Достоевский и Апокалипсис
Шрифт:
Человеческая натура проявляется наяву обычно лишь частично, а во время катастроф и в снах, сопровождающих и предвещающих такие катастрофы, проявляется в целом. Тут уже не один «ум», но и «сердце», тут вся натура в целом. В снах истинные мотивы деятельности человека обнажаются и теснее соотносятся с судьбой человеческого рода (обычно — через судьбу самых близких ему людей). Самообманное сознание, успокаивающее совесть человека наяву, во сне разоблачается. В кошмаре снов и срываются все и всякие самообманные маски. Самообманных снов у Достоевского не бывает. Сны у него — художественное уничтожение всякой неопределенности в мотивах преступления. Это наяву «ум» может сколько yгодно развивать теорию «арифметики», теорию преступления «по совести», может сколько угодно заниматься переименованием вещей, —
Сны у Достоевского — это обнаженная совесть, не заговоренная никакими «успокоительными, славными словечками».
Художник выявляет ответственность человека не только за преступные результаты его действий, не только за преступные средства, но и за преступность скрытых помыслов. Человек ответствен, убежден Достоевский, даже за свои неосознанные желания.

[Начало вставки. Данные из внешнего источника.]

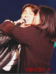 女歌迷擁吻獲華語(yǔ)歌曲排行第一的劉德華 2000年1月29日 08:11 ![]() 華語(yǔ)榜中榜九九最佳歌曲、歌手評(píng)選暨頒獎(jiǎng)典禮二十七日晚在北京隆重舉行,來(lái)自香港、臺(tái)灣和內(nèi)地的幾十名著名歌手匯聚京城。香港著名歌星劉德華演唱的《愛(ài)你一萬(wàn)年》獲排行第一,并獲得跨世紀(jì)男歌手獎(jiǎng)。圖為在演出現(xiàn)場(chǎng)一名女歌迷沖上臺(tái)擁吻正在演唱的劉德華。作者:錢興強(qiáng) |

«Знал ли я о страшных последствиях своего сговора с Ламбертом?» — спрашивает себя Подросток. И отвечает: «Нет, не знал». Но тут же добавляет: «Это правда, но так ли вполне? Нет, не так: я уже кое-что, несомненно, знал, даже слишком много, но как? Пусть читатель вспомнит про сон! Если уж мог быть такой сон, если уж мог он вырваться из моего сердца и так формулироваться, то, значит, я страшно много — не знал, а предчувствовал… Знания не было, но сердце билось от предчувствий, и злые духи уже овладели моими снами» (речь идет о сне, в котором Подросток вместе с Ламбертом шантажирует Ахмакову). Сон этот предваряет явь: «Это значит, что все уже давно зародилось и лежало в развратном сердце моем, в желании моем лежало, но сердце еще стыдилось наяву и ум не смел еще представить что-нибудь подобное сознательно. А во сне душа сама представила и выложила, что было в сердце, в совершенной точности и в самой полной картине и — в пророческой форме».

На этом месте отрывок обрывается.